Consensus tree for ter operon (German outbreak strains highlighted)

Finally, I had a look at one contig that I noticed wasn’t present in Ec55989 but had homology to the E. coli O157:H7 Sakai chromosome… it is contig husec41_c1441, containing a probably transporter protein and two other genes of unknown function. Interestingly, a BLAST search of NCBI showed this sequence is usually chromosomally encoded, and was most similar to genes in Shigella flexneri and Shigella boydii, which cause bacterial dysentery [alignment of BLAST hits; tree drawn with FigTree this time]. So this is just a hint that there are still plenty of novel and potentially important genes to be discovered in this genome!

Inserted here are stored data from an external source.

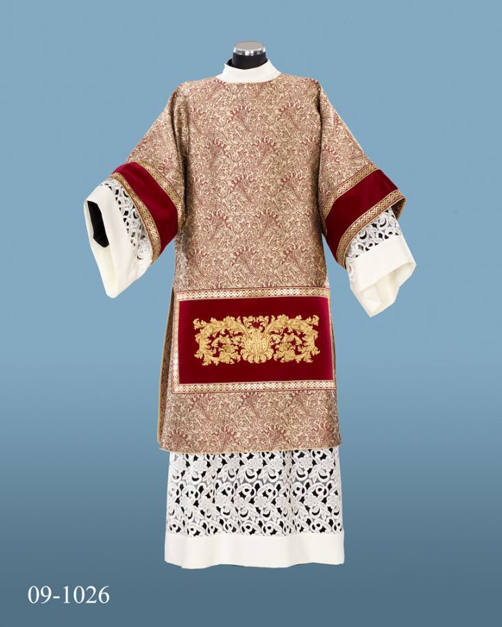 DIAKON, DALMATYKA – (gr. diakonos – sługa) – osoba duchowna posiadająca pierwszy stopień święceń kapłaństwa urzędowego. Diakon może sprawować: sakramenty chrztu świętego, małżeństwa i Komunii Świętej, odprawiać pogrzeb, błogosławić wiernych, poświęcać przedmioty kultu religijnego i głosić kazania. W Kościele łacińskim, podczas święceń diakonatu, kleryk przysięga celibat i modlitwę liturgią godzin (tzw. brewiarz). Diakonat jest udzielany w Kościele katolickim rok przed święceniami kapłańskimi. Istnieje również diakonat stały – posługa, którą mogą przyjąć i wykonywać dorośli (także żonaci) mężczyźni. Szatą liturgiczną diakona jest dalmatyka zakładana na albę i stułę. Jest znakiem urzędu diakona usługującego Chrystusowi Eucharystycznemu. Modlitwa kościelna przedstawia ją jako szatę radości i symbol nadprzyrodzonej sprawiedliwości.
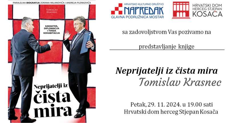 SARAJEVO, 27. studenoga (FENA) – Hrvatsko kulturno društvo Napredak organiziralo je u Sarajevu promociju knjige "Neprijatelji iz čista mira", autora Tomislava Krasneca. Ovu usporednu biografiju dvojice danas najutjecajnijih hrvatskih političara - Zorana Milanovića i Andreja Plenkovića u Napretkovom klubu „Lira“ promovirali su glavni urednik Večernjeg lista Dražen Klarić, poznati bosanskohercegovački novinar Ranko Mavrak te autor Tomislav Krasnec.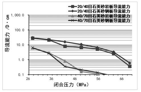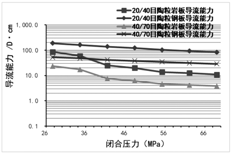 鋪砂濃度8kg/m2鋼板條件下不同支撐劑測試導流能力對比統計表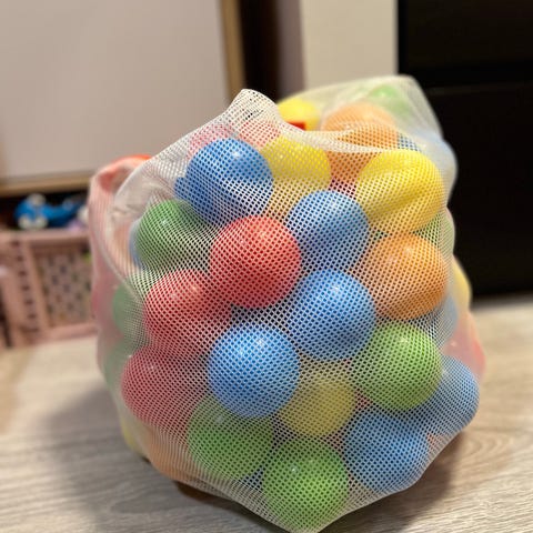 Pallomeripalloja, muutaman kerran ollut leikissä. 2 säkillistä + yksi pieni laatikollinen.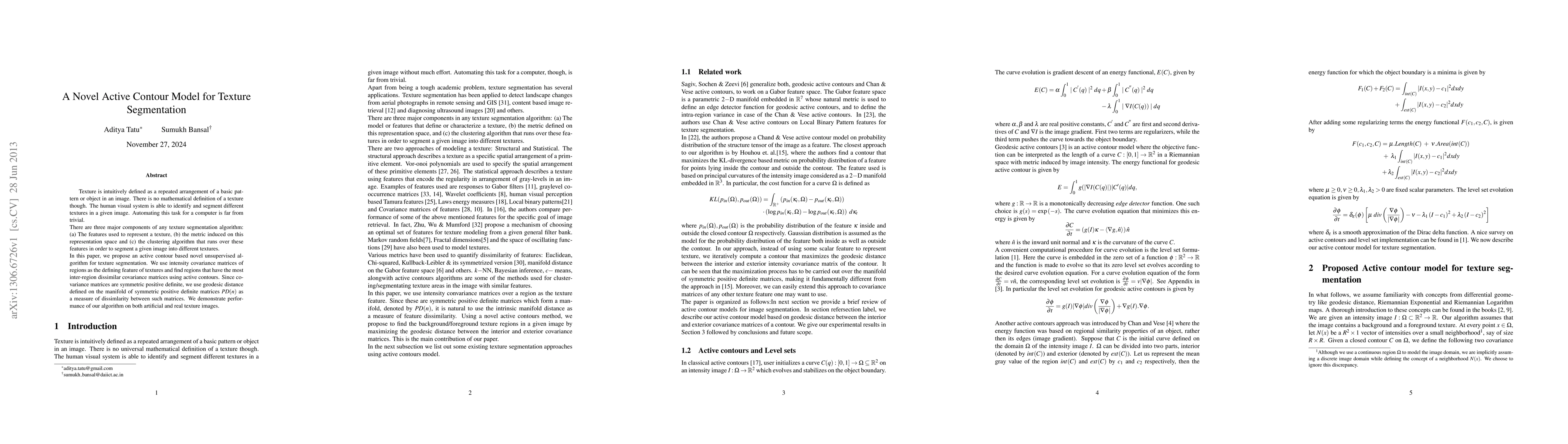 This paper proposes a novel unsupervised active contour model for texture segmentation using intensity covariance matrices as features and geodesic distance on the manifold of symmetric positive definite matrices for dissimilarity measurement. The algorithm segments images based on inter-region covariance matrix differences, demonstrating effectiveness on both artificial and real textures.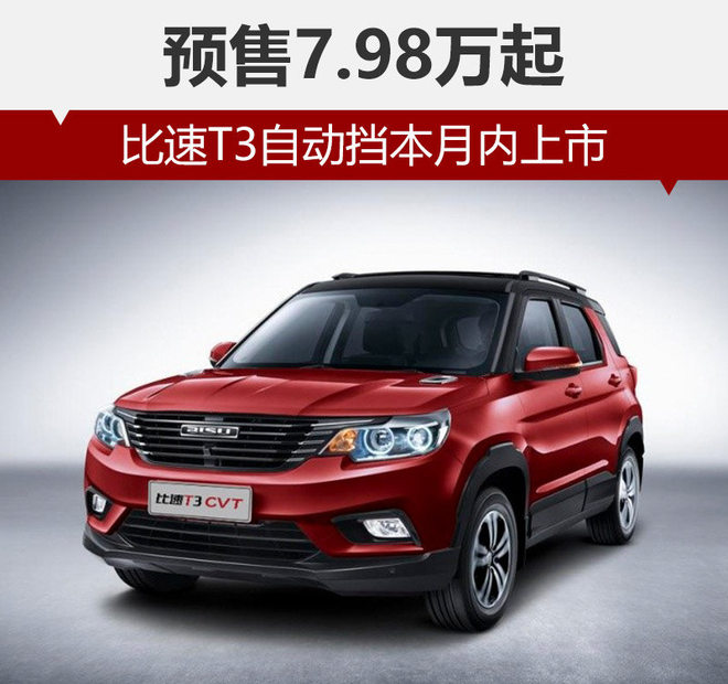 比速T3是比速汽车旗下的首款SUV车型,于去年12月正式上市,前期车型仅配备手动变速箱。网通社从比速汽车官方获悉:比速T3自动挡车型正式开启预售,共推出3款车型,预售价区间为7.89-8.99万元。新车外观内饰均与现款车一致,搭载1.3T涡轮增压发动机并匹配一台CVT变速箱。另据了解,比速T3自动挡有望于本月内正式上市。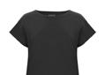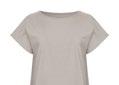 Feminin topp i generöst tilltagen modell med fint fall. Holkärm och dekorativ båtringning med kantband. Tryckt etikett i nacken.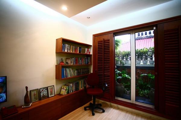 Phòng ngủ kiêm thư phòng nhìn ra khoảng xanh ở ban công. Không gian được thiết kế tận dụng tối đa diện tích với những giải pháp hiệu quả như cửa lùa, vách nhẹ.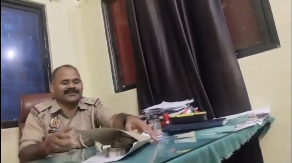वीडियो में दरोगा धनंजय सिंह फ़ाइल में नोट रखते नजर आए। चेहरे पर ऐसी खुशी जैसे प्रमोशन मिल गया हो।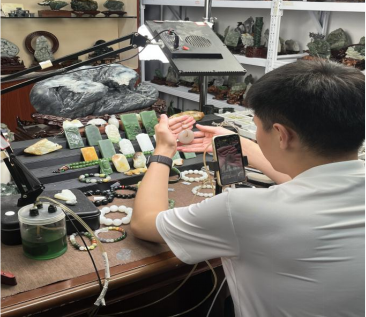 在镇平县石佛寺镇苏艺珠宝,实践队员们观摩了不同种类玉器直播间的情况,深入了解了直播带货的硬件准备、内容策划、话术技巧等内容。相关负责人为大家详细介绍了镇平玉雕的发展史、玉器品种、销售模式等。据了解,石佛寺镇虽不出产玉石,但却是“全国最大的玉雕加工销售集散地”和“玉文化传播中心”,拥有“中国玉雕之乡”的美誉。目前,石佛寺镇的玉雕产品已深度融入电商生态,全镇电商企业6800余家,淘宝、抖音等大小直播间3000余家,电商从业人员5万余人,2024年全县电商交易额突破380亿元。但随着市场变化和消费者需求的多样化,也出现了如专业电商运营人才匮乏、玉雕设计与创新人才不足、易碎品物流配送成本高、传统技艺传承面临挑战等难题。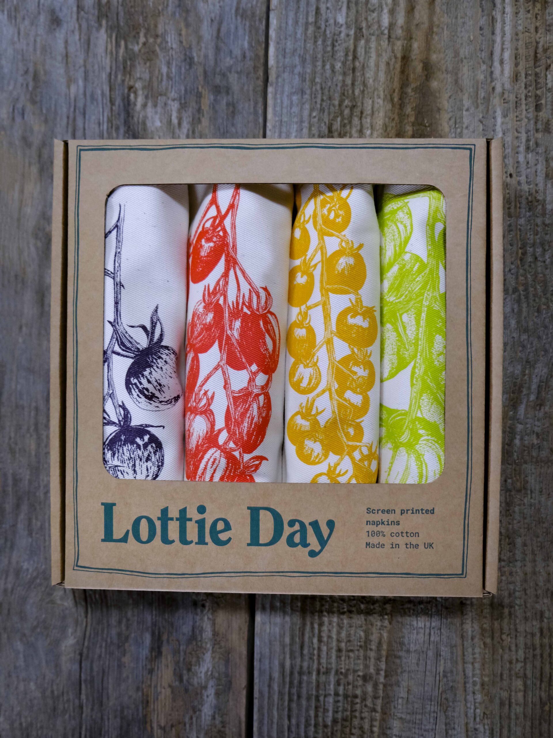 Printed on organic cotton, these napkins are washable, reusable and made to last?because style and sustainability belong on the same table. Designed by Norfolk artist Lottie Day and loved by the She Grows Veg team.
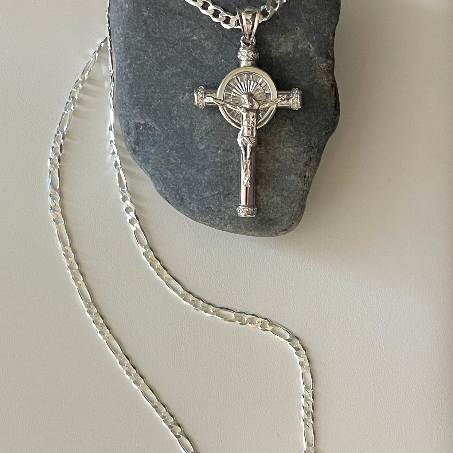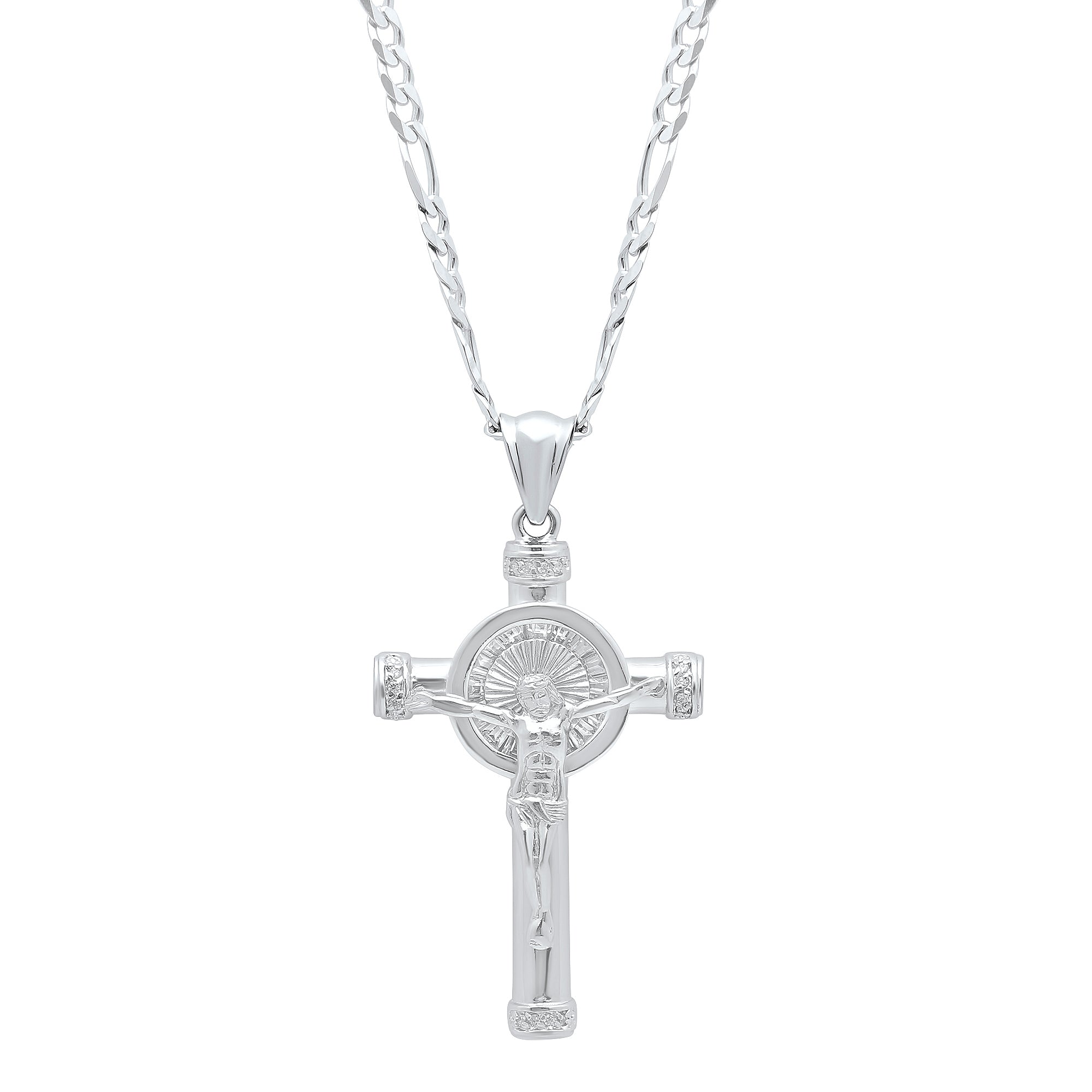 Sterling Silver Cubic Zirconia Baguette Crucifix Necklace
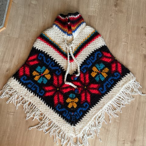 Superkul retro topp i blå med prikker. Passer alle str. Litt poncho aktig - sydd snitt for ermer.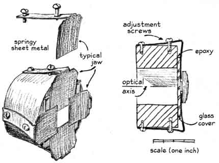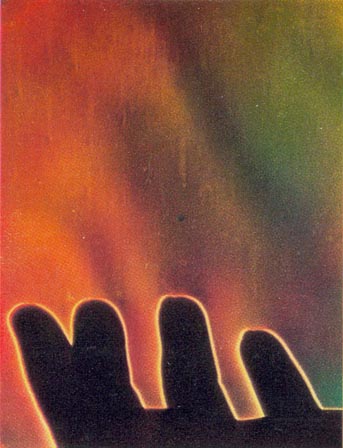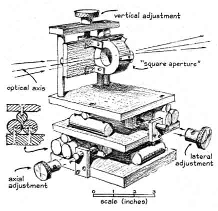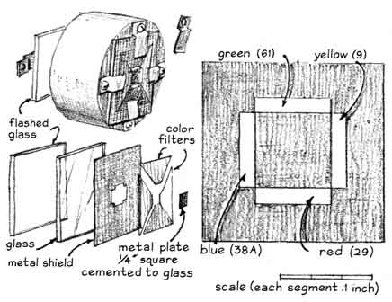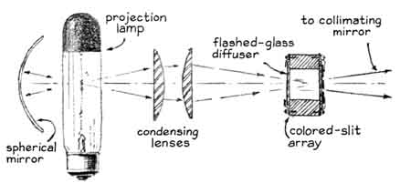 Light from the lamp is focused by a small lens on one of the knife-edges. That edge is adjusted to the position where half of the rays are intercepted. The unobstructed rays proceed as a diverging cone to the second lens. That lens bends the rays back into a converging cone that comes to a focus on the second knife-edge, which is adjusted to the position w here half of the remaining rays are intercepted. The unobstructed rays impinge on the film, which is uniformly lighted if the air between the first knife-edge and the second lens is of uniform density. Variations in density bend the rays by refraction, with the result that the amount of light reaching the film is altered. Some rays that initially proceeded to the film are bent in the direction of the second knife-edge, where they are intercepted. The film darkens in these regions. Conversely, other rays that were originally intercepted may be bent clear of the obstruction. The film brightens in these regions. Patterns of light and shade thus appear on the film and portray variations in density. In effect the device enables the experimenter to photograph Wright's aerodynamic "splash." An experimenter who has specialized in schlieren photography for several years is Gary S. Settles, who is an undergraduate student at the University of Tennessee. He has used the technique to investigate the flow of air around small models in a supersonic wind tunnel. Settles describes his most recent experiments as follows: "The schlieren system is a fascinating analytical device, but it is sensitive to the quality of its optical parts, as Foucault observed. Optical defects bend light rays just as air currents do. The defects appear on the film as patterns of light and shade. Moreover, the second schlieren lens must have a substantial diameter. The column of air that can be observed can be no larger than the diameter of this lens. "Even small lenses of the required optical quality are costly. For this reason schlieren systems of substantial size usually employ parabolic mirrors to focus the light. Inexpensive mirrors of excellent optical quality can be made at home by the techniques described in Amateur Telescope Making: Book One, edited by Albert G. Ingalls (Scientific American, Inc., 1970). The substitution of a mirror for the second lens of the schlieren system requires that the light be directed toward the reflecting surface at an angle with respect to the optical axis of the mirror. The rays are reflected at an equal but opposite angle to the other side of the optical axis, where they can be observed. "The angular reflection introduces a particularly undesirable form of optical distortion known as coma. A point source of light that is subjected to this form of distortion comes to focus as a small comet shape. Coma can be eliminated by the use of a twin mirror. Light from the source falls on the first mirror from one side and is reflected to the second mirror, proceeding from there to the film on the opposite side. The optical path is folded in the form of the letter Z. "Reflection from the first mirror introduces coma. Reflection from the second mirror cancels the distortion. Light between the two mirrors is transmitted as parallel rays. This region of the optical path is sensitive to differences in the density of air currents. It serves as the test section of the apparatus [see illustration at left]. "The simple schlieren system yields a black-and-white image of air currents that depicts variations of density in only one direction: at a right angle with respect to the knife-edge. Usually the experimenter is interested in density gradients, or variations, in all directions, particularly in the investigation of supersonic flow. It is possible to provide the system with more than one knife-edge and to use slits in the form of a square or a circle. These expedients do not greatly increase the useful information recorded by the film, however, because the individual contribution of each slit to the composite image cannot be distinguished in the black-and-white pattern. Therefore the device shows all density gradients but gives no information about their direction. In practice one black-and-white schlieren photograph is made for each test condition, using a horizontal knife-edge. Additional information is then gathered by repeating the series with the knife-edge fixed in the vertical position. "A number of schemes have been devised for making schlieren photographs in color. The first of these approaches was described some 30 years ago by Hubert Schardin in Germany. A line source of white light, such as the straight filament of an incandescent lamp, is placed in front of a small achromatic lens. The rays emerge from the lens and pass through a slit to enter a prism that disperses the light into its constituent colors. The dispersed rays are focused onto the first mirror, where they are reflected to focus on an exit slit from which they proceed to the film. The exit slit is adjusted to transmit light of a selected color, for example yellow. "In still air the film is uniformly illuminated in yellow. Air currents in the test section bend the rays, just as in the black-and-white system, so that some yellow rays are diverted from the second slit and do not reach the screen. These rays are replaced on the screen by rays of another color, yielding a multicolored image. Increasing air densities are depicted by colors near one end of the spectrum and decreasing densities by colors at the opposite end. In effect the system color encodes differences in air density. "A second method of making schlieren photographs in color was described in 1954 by R. J. North of the National Physical Laboratory in England. In this system the prism is omitted and a set of filters in the form of three strips of gelatin of different colors (such as red, yellow and blue) replaces the second slit. The image of the light source falls on the central strip, which may be yellow. The yellow rays
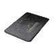 Bath mat with a gold colored illustration on a black-gray background. Designed with an illustration of a mountain with the suns rays shining outward from behind. Typography says: Life is an Adventure explore dream discover.
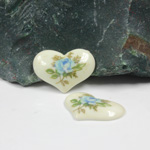 Japanese Glass Porcelain Decal Painting - Rose Heart 12x11MM BLUE ON CHALKWHITE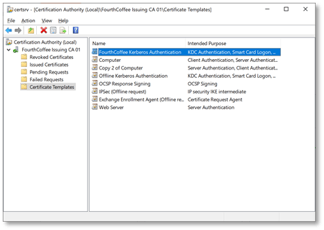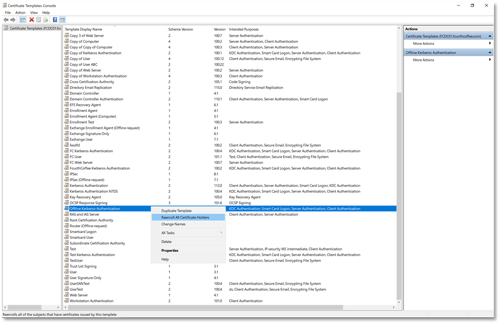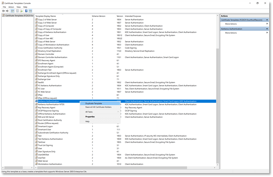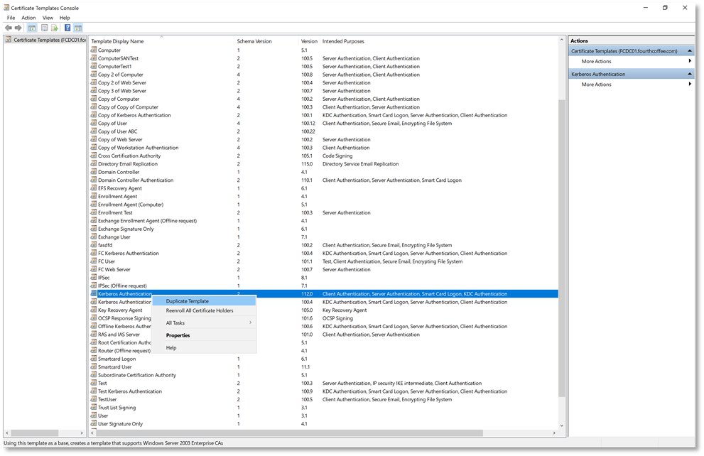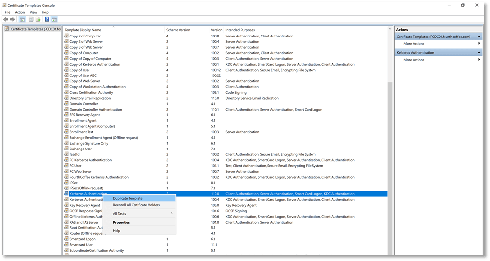 Step 4: Right-click on the Kerberos Authentication Certificate Template and select Duplicate Template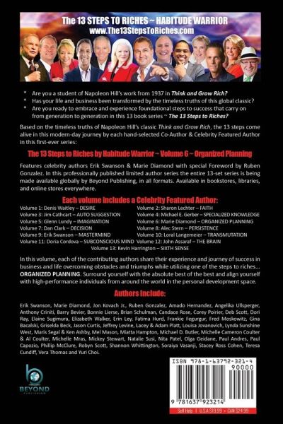 Are you a student of Napoleon Hill's classic from 1937 Think and Grow Rich? Has your life or business benefited from the timeless truths of this global classic? Experience these foundational principles of success that carry on from generation to generation. Presenting: The 13 Steps to Riches by Habitude Warrior Special Edition Volume 6 ORGANIZED PLANNING. Based on the timeless truths of Napoleon Hill's classic Think and Grow Rich, the 13 steps come alive in this modern-day journey by each hand-selected author in this first-ever series. The 13 Steps to Riches by Habitude Warrior Special Edition Volume 6 ORGANIZED PLANNING features celebrity authors Erik Swanson and Marie Diamond with a special Foreword by Olympian Ruben Gonzalez. In this professionally published limited author series the entire 13-set series is being made available globally by Beyond Publishing, in all formats. Available in bookstores, libraries, and online stores everywhere. Each volume features a Celebrity Author: Volume 1: Denis Waitley - DESIRE Volume 2: Sharon Lechter - FAITH Volume 3: Jim Cathcart - AUTO SUGGESTION Volume 4: Michael E. Gerber - SPECIALIZED KNOWLEDGE Volume 5: Glenn Lundy - IMAGINATION Volume 6: Marie Diamond - ORGANIZED PLANNING Volume 7: Dan Clark - DECISION Volume 8: Alec Stern - PERSISTENCE Volume 9: Erik Swanson - MASTERMIND Volume 10: Loral Langemeier - TRANSMUTATION Volume 11: Doria Cordova - SUBCONSCIOUS MIND Volume 12: John Assaraf - THE BRAIN Volume 13: Kevin Harrington - SIXTH SENSE In this sixth volume, each of the contributing authors share their experience and journey of success in business and life overcoming obstacles and triumphs while utilizing one of the steps to riches... ORGANIZED PLANNING. Surround yourself with the absolute best of the best and align yourself with high-performance individuals from around the world in the personal development space. Authors include: Erik Swanson, Marie Diamond, Ruben Gonzalez, Jon Kovach Jr., Amado Hernandez, Angelika Ullsperger, Anthony Criniti, Barry Bevier, Bonnie Lierse, Brian Schulman, Candace & David Rose, Corey Poirier, Deb Scott, Dori Ray, Elaine Sugimura, Elizabeth Walker, Erin Ley, Fatima Hurd, Frankie Fegurgur, Fred Moskowitz, Freeman Witherspoon, Gina Bacalski, Griselda Beck, Jason Curtis, Jeffrey Levine, Lacey & Adam Platt, Louisa Jovanovich, Lynda Sunshine West, Maris Segal & Ken Ashby, Mel Mason, Miatta Hampton, Michael D. Butler, Michelle Cameron Coulter & Al Coulter, Michelle Mras, Mickey Stewart, Natalie Susi, Nita Patel, Olga Geidane, Paul Capozio, Paul Andres, Phillip McClure, Robyn Scott, Shannon Whittington, Soraiya Vasanji, Stacey Ross Cohen, Teresa Cundiff, Vera Thomas and Yuri Choi. Habitude Warrior The 13 Steps to Riches, Special Edition Volume 6 ORGANIZED PLANNING releasing May 15, 2022 available for pre-order now. Grab all 13 to complete your library!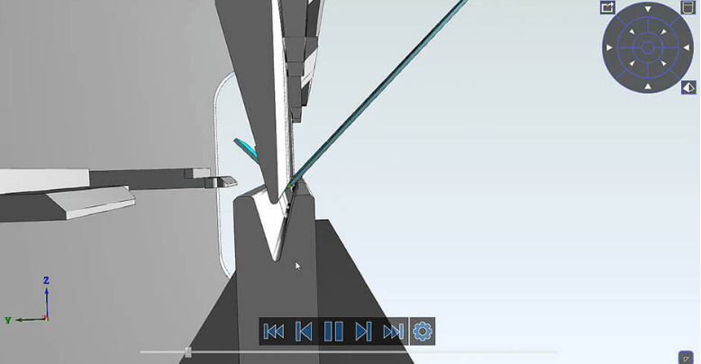 Kollisionen und Rüstprobleme vermeiden: Dank fortschrittlicher 3D‑Simulation prüft Almacam Bend jeden Schritt des Abkantprozesses und kontrolliert Zugänglichkeit, Werkzeuginteraktionen und Kollisionsrisiken, bevor der Biegeprozess startet.

TY2482/MIRA assembled, contig 1441

EHEC genomes – plasmid

A brief look at the genes present in the outbreak strains and not in the reference strain Ec55989 reveals a large number of contigs with similarity to the plasmid pEC_Bactec (by NCBI blast)… a quick MUMmer alignment and ACT visualisation confirms that an IncI plasmid similar to pEC_bactec (GU371927.1, ref here) is present, including the beta-lactamase gene CTX-M-15 adjacent to ISEcp1 (MIRA assembly of TY2482, contig husec41_c30). In this image, the TW2482 assembly is on top, pEC_Bactec is on bottom.

MIRA assembly of TW2482 vs pEC_Bactec

Update: Note this is also similar to pEK204, which was isolated from UPEC and we have recently found very similar plasmids (also carrying blaCTX-M-15) circulating in Shigella in Vietnam and Klebsiella pneumoniae in Australia. So this would seem to be spreading around the Enterobacteriaceae.